# pes 2013 stürzt ab



## rheuma (9. Oktober 2012)

*pes 2013 stürzt ab*

hallo zusammen,

bei mir stürzt ständig das game in der meisterliga ab. entweder, wenn ich nach der trikot-auswahl ins match will, oder wenn ich im transfermarkt stöber. 

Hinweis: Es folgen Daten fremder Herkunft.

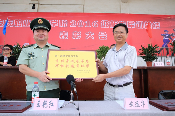 施运华向承训部队赠送锦旗。占峰宣读了《关于表彰2016级新生军训先进集体和先进个人的决定》,院领导和武警支队首长为获奖的优秀连队颁发了奖牌。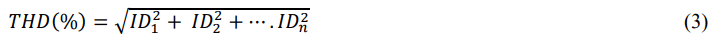 IDn represent the magnitude of the nth harmonic as a percentage of the fundamental (individual distortion). Grady, in 2012 [4] defined THD as the ratio of the root mean square value (rms) of the harmonic above fundamental to the rms value of the fundamental. Marcuello, Arcega, Plaza, & Ibáñez, in 2011[12] termed THD as the rms value as the proportion of of all harmonic components together to the rms amplitude of the fundamental harmonics. In a white paper by Eaton in 2017 (Eaton, 2017), THD was described as the fraction of the total power of all harmonic components to the power of the fundamental frequency. Similar definition was also given by Durdhavale, in 2016.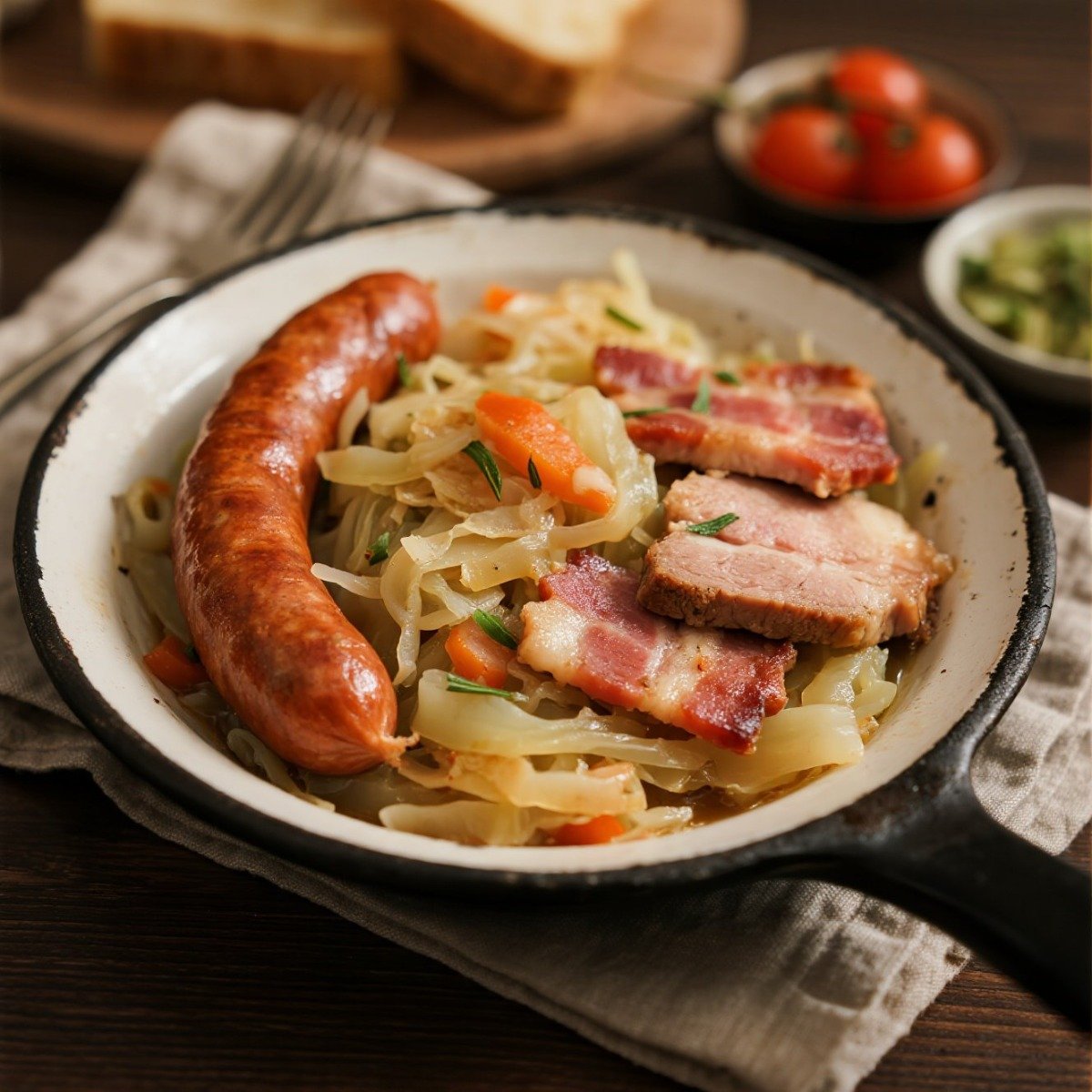 阿爾薩斯酸菜燉肉(Choucroute Garnie) — 酸菜與香腸、豬肉、培根一起燉煮。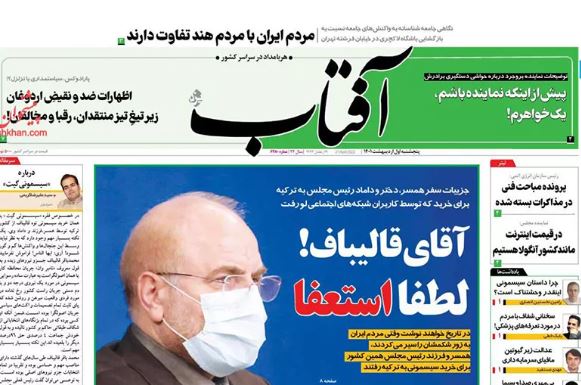 İran Meclis Başkanı Muhammed Bakır Galibaf'ın ailesinin Türkiye ziyaretini İran medyası manşetlerine taşıdı. Reformist basın, aktivistler ve sosyal medya hesaplarından İranlılar, Meclis Başkanı'na özür ve istifa çağrısı yaptı.
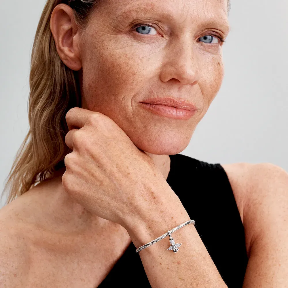 Carry the joy and wonder of the season with our Sparkling Angel Dangle Charm. A sterling silver angel with sparkling stone-set wings carries a sparkling star, shining its festive light for the holidays and beyond. Carry it as a reminder that you shine bright everywhere you go or gift it to whoever needs a little extra holiday joy in your life.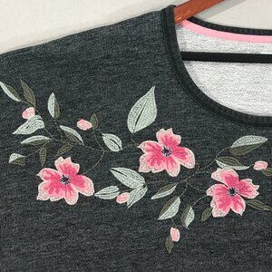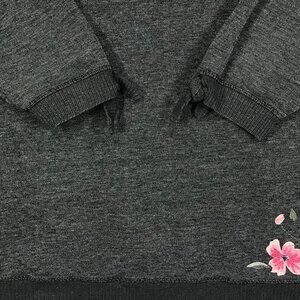 Maurices Sweater Womens 3 Gray Floral Embroidered Pullover Round Neck 3/4 Sleeve

der aktuelle patch (1.2) ist drauf, ansonsten nix (kein no-dvd, oder sowas). hab schon deinstalliert und wieder alles neu drauf - keine veränderung. woran kann's liegen?

lg,
rheuma


----------



## Shadow_Man (9. Oktober 2012)

Huhu!

Was für einen Patch meinst du? Meinst du den PESedit.com Patch? Da gibt es für 1.2 auch einen Fix, falls man Abstürze im ML oder Werde zur Legende Modus hat: PESEdit.com 2013 Patch 1.2 - Npower Championship - Released! #04/10/12

Falls das nichts bringt: Sind alle Treiber aktuell? Mainboard, Sound, Grafikkarte?


----------



## rheuma (9. Oktober 2012)

jau, den patch meine ich. danke für den link, werde das testen und meld mich dann wieder!


----------



## rheuma (9. Oktober 2012)

also, bis jetzt sieht's prima aus! vielen dank, shadow man!


----------



## Shadow_Man (9. Oktober 2012)

rheuma schrieb:


> also, bis jetzt sieht's prima aus! vielen dank, shadow man!


 
Sehr gerne. Wünsch dir noch viel Spass mit dem Spiel


----------